▸ **Extracted data**
-=-=-

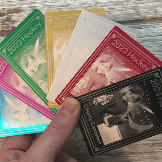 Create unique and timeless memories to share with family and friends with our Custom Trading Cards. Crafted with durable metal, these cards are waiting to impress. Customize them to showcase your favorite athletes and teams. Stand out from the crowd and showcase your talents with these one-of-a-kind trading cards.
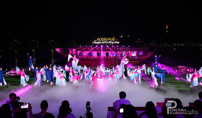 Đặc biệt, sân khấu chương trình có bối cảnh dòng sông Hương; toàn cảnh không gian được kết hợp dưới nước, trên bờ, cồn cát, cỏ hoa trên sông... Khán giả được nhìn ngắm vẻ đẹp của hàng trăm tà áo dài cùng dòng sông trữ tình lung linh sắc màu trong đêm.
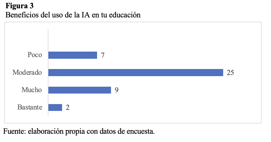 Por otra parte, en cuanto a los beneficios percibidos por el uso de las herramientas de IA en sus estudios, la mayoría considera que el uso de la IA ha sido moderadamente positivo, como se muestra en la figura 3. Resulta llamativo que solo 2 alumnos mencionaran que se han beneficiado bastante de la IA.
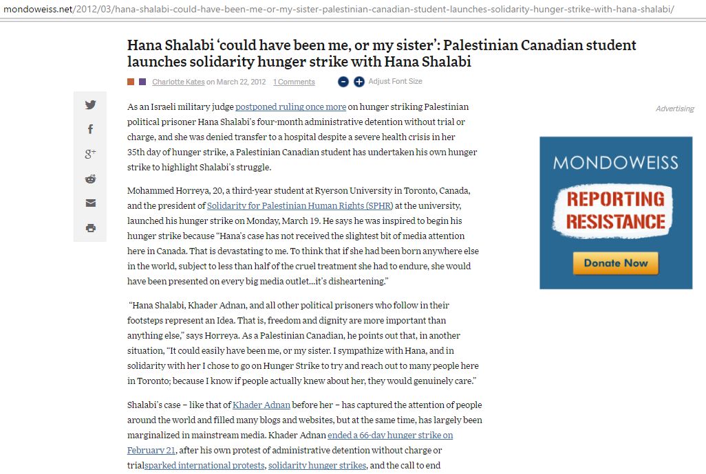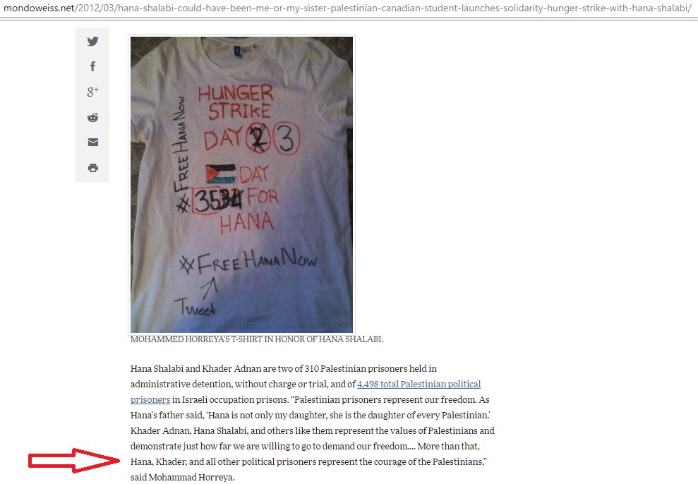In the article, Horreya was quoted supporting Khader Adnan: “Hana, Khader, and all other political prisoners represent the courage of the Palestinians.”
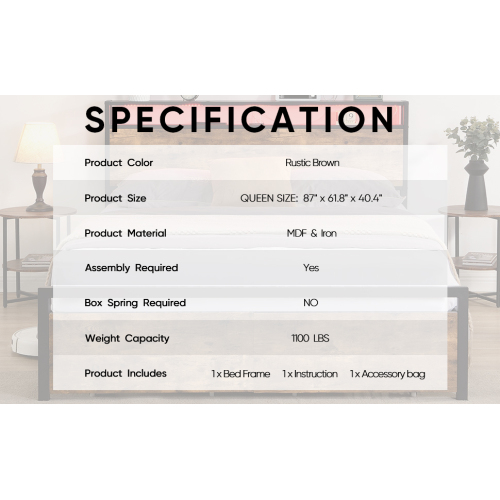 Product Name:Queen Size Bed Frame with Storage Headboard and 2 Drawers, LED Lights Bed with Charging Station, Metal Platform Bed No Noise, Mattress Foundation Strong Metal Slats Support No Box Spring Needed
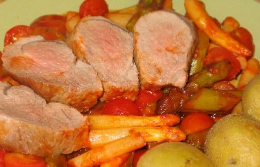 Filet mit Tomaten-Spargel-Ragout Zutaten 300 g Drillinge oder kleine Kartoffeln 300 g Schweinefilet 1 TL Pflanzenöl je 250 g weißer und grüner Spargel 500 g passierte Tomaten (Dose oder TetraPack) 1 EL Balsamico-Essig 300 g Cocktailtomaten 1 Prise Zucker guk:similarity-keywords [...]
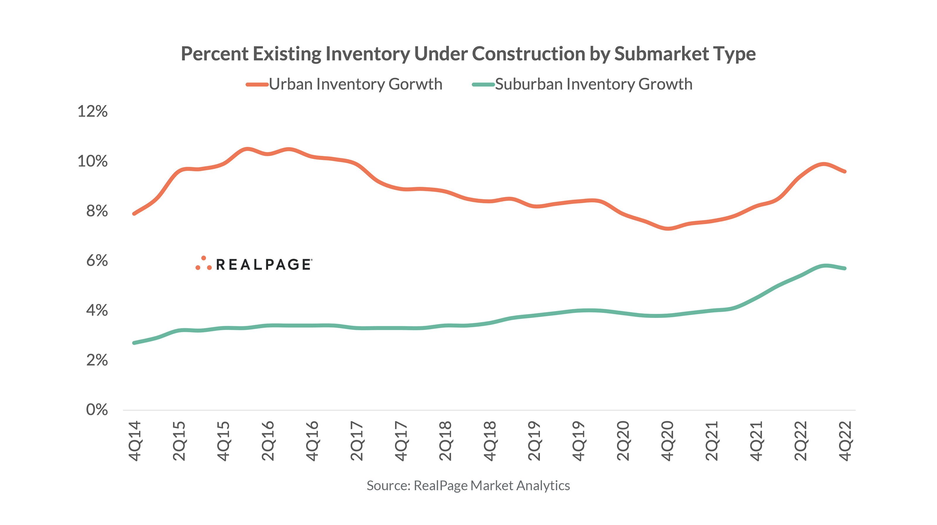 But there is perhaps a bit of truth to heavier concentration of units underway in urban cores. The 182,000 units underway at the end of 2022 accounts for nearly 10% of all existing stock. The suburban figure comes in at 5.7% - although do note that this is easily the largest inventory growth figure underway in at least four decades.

-=-=-

▸ **Work order**
Above are the records; repeat them all exactly, without the pictures.

▸ **Task solution**
 Create unique and timeless memories to share with family and friends with our Custom Trading Cards. Crafted with durable metal, these cards are waiting to impress. Customize them to showcase your favorite athletes and teams. Stand out from the crowd and showcase your talents with these one-of-a-kind trading cards.
 Đặc biệt, sân khấu chương trình có bối cảnh dòng sông Hương; toàn cảnh không gian được kết hợp dưới nước, trên bờ, cồn cát, cỏ hoa trên sông... Khán giả được nhìn ngắm vẻ đẹp của hàng trăm tà áo dài cùng dòng sông trữ tình lung linh sắc màu trong đêm.
 Por otra parte, en cuanto a los beneficios percibidos por el uso de las herramientas de IA en sus estudios, la mayoría considera que el uso de la IA ha sido moderadamente positivo, como se muestra en la figura 3. Resulta llamativo que solo 2 alumnos mencionaran que se han beneficiado bastante de la IA.
In the article, Horreya was quoted supporting Khader Adnan: “Hana, Khader, and all other political prisoners represent the courage of the Palestinians.”
 Product Name:Queen Size Bed Frame with Storage Headboard and 2 Drawers, LED Lights Bed with Charging Station, Metal Platform Bed No Noise, Mattress Foundation Strong Metal Slats Support No Box Spring Needed
 Filet mit Tomaten-Spargel-Ragout Zutaten 300 g Drillinge oder kleine Kartoffeln 300 g Schweinefilet 1 TL Pflanzenöl je 250 g weißer und grüner Spargel 500 g passierte Tomaten (Dose oder TetraPack) 1 EL Balsamico-Essig 300 g Cocktailtomaten 1 Prise Zucker guk:similarity-keywords [...]
 But there is perhaps a bit of truth to heavier concentration of units underway in urban cores. The 182,000 units underway at the end of 2022 accounts for nearly 10% of all existing stock. The suburban figure comes in at 5.7% - although do note that this is easily the largest inventory growth figure underway in at least four decades.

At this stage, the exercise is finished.